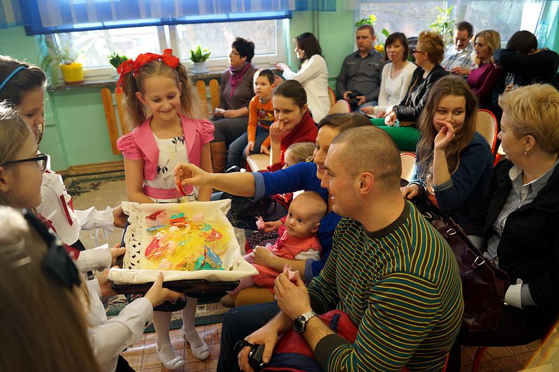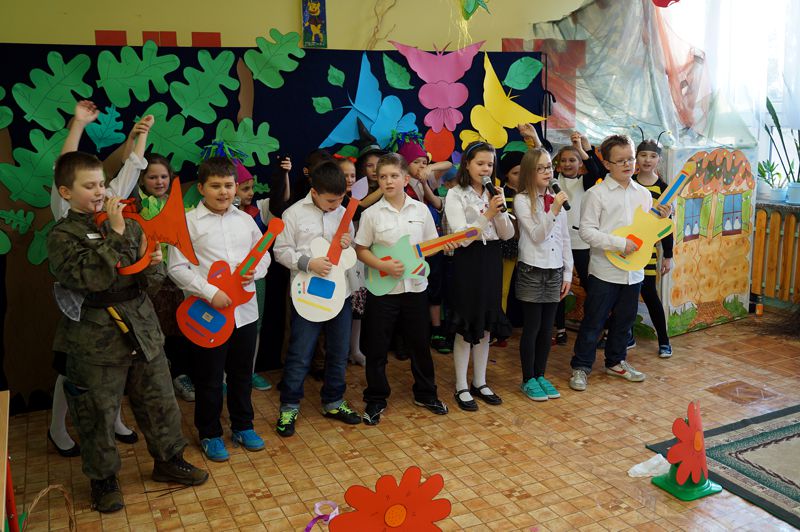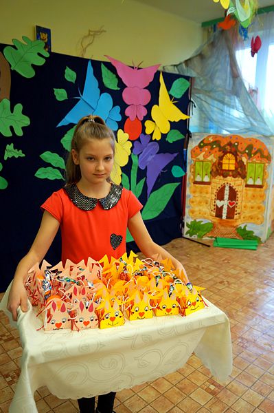 Miłym zaskoczeniem dla gości okazała się wróżba, polegająca na losowaniu papierowych zwierzaków. Słoń oznaczał pomyślność, ślimak - czas wolny i odpoczynek, koniczynka – szczęście, a biedronka - radosną wiadomość. Mali widzowie z przedszkola otrzymali kolorowe króliki wypełnione pysznościami. Oni również pomyśleli o niespodziance. W podzięce wręczyli pani dyrektor szkoły oraz wychowawczyni klasy własnoręcznie wykonane bukiety kwiatów, a koleżankom i kolegom - słodycze. Bajkowa atmosfera udzieliła się wszystkim. Radość, zadziwienie i poczucie dumy „wirowały” wokół dorosłych i ich pociech. Taki stan daje ogromną nadzieję na przyszłość.
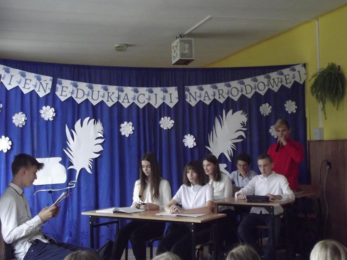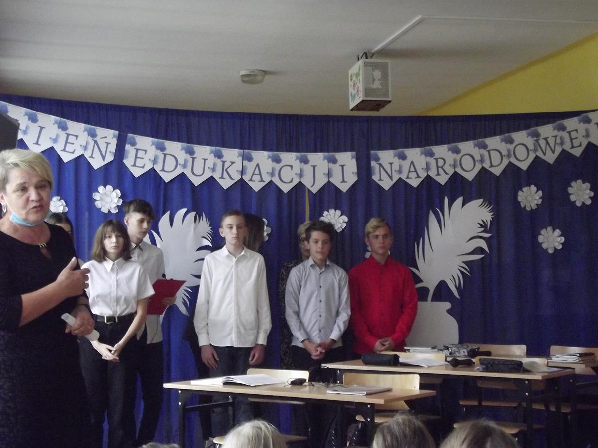 W naszej szkole z tej okazji odbywają się okolicznościowa akademia podczas, których uczniowie recytowali wierszyki i śpiewali piosenki. Akademię zakończyliśmy konkursem "Jak dobrze znasz swoich nauczycieli". Ciekawostki o nauczycielach zaskoczyły nie tylko uczniów. Dziękujemy uczniom za występ i wszystkim przybyłym gościom za to, że byli z nami w tym dniu.
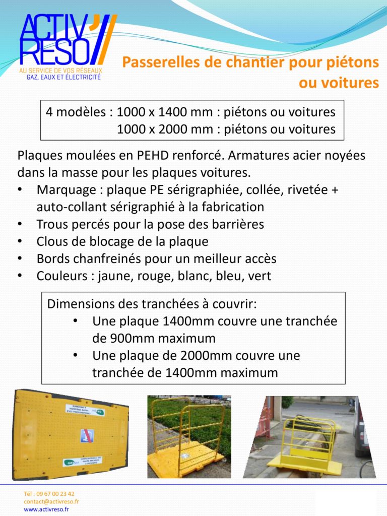 Nos passerelles de chantier pour piéton sont des plaques couvre-tranchées moulées en PEHD renforcé.
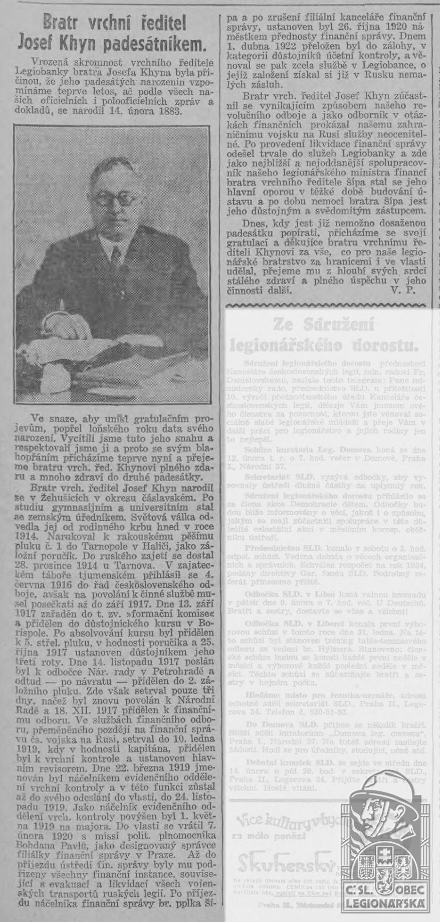 Zdroj informací: legionářský poslužný spis osobní karta legionáře Československý legionář, 9.2.1934
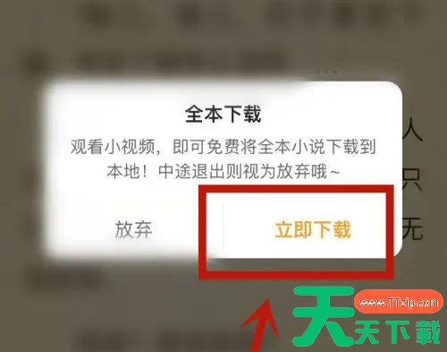 点击书架 在七猫小说首页点击进入书架选项。 点击全本下载 选择自己需要下载的小说进行打开,点击上方的全本下载选项。 点击立即下载 在全本下载小框中点击立即下载即可。 @天天资源网TTzip 除特别注明外,本站所有文章均为 天天下载 原创,转载请注明出处来自 https://www.ttzip.com/202997.html
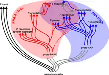 - Asimismo, P. rzedowskii]' de Nueva León es un mosaico genético, y puede haberse originado de una hibridación anterior dentro del clado ANA, entre P. occidentalis s.l. más meridional (P. palmeri) y P. mexicana s.l., o sus ancestros.[6] Estos últimos son compartidos con P. gentryi, la especie PNA-E más cercana al área del clado ANA y a las poblaciones del norte/interior de P. mexicana s.l. Esto indica que ya el ancestro común de P. rzedowskii y P. occidentalis s.l. había estado en contacto con un miembro del clado PNA-E.
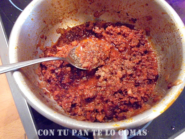 Si el chorizo es más duro como el que yo he puesto y no lo has podido desmenuzar, en este momento lo pasamos al vaso de la batidora y lo trituramos un poco. Si el chorizo es más fresco no hará falta.
****************************************
→ Task directions:
Take the preceding listing and transcribe it exactly, skipping the pictures.

→ Response area:
 Miłym zaskoczeniem dla gości okazała się wróżba, polegająca na losowaniu papierowych zwierzaków. Słoń oznaczał pomyślność, ślimak - czas wolny i odpoczynek, koniczynka – szczęście, a biedronka - radosną wiadomość. Mali widzowie z przedszkola otrzymali kolorowe króliki wypełnione pysznościami. Oni również pomyśleli o niespodziance. W podzięce wręczyli pani dyrektor szkoły oraz wychowawczyni klasy własnoręcznie wykonane bukiety kwiatów, a koleżankom i kolegom - słodycze. Bajkowa atmosfera udzieliła się wszystkim. Radość, zadziwienie i poczucie dumy „wirowały” wokół dorosłych i ich pociech. Taki stan daje ogromną nadzieję na przyszłość.
 W naszej szkole z tej okazji odbywają się okolicznościowa akademia podczas, których uczniowie recytowali wierszyki i śpiewali piosenki. Akademię zakończyliśmy konkursem "Jak dobrze znasz swoich nauczycieli". Ciekawostki o nauczycielach zaskoczyły nie tylko uczniów. Dziękujemy uczniom za występ i wszystkim przybyłym gościom za to, że byli z nami w tym dniu.
 Nos passerelles de chantier pour piéton sont des plaques couvre-tranchées moulées en PEHD renforcé.
 Zdroj informací: legionářský poslužný spis osobní karta legionáře Československý legionář, 9.2.1934
 点击书架 在七猫小说首页点击进入书架选项。 点击全本下载 选择自己需要下载的小说进行打开,点击上方的全本下载选项。 点击立即下载 在全本下载小框中点击立即下载即可。 @天天资源网TTzip 除特别注明外,本站所有文章均为 天天下载 原创,转载请注明出处来自 https://www.ttzip.com/202997.html
 - Asimismo, P. rzedowskii]' de Nueva León es un mosaico genético, y puede haberse originado de una hibridación anterior dentro del clado ANA, entre P. occidentalis s.l. más meridional (P. palmeri) y P. mexicana s.l., o sus ancestros.[6] Estos últimos son compartidos con P. gentryi, la especie PNA-E más cercana al área del clado ANA y a las poblaciones del norte/interior de P. mexicana s.l. Esto indica que ya el ancestro común de P. rzedowskii y P. occidentalis s.l. había estado en contacto con un miembro del clado PNA-E.
 Si el chorizo es más duro como el que yo he puesto y no lo has podido desmenuzar, en este momento lo pasamos al vaso de la batidora y lo trituramos un poco. Si el chorizo es más fresco no hará falta.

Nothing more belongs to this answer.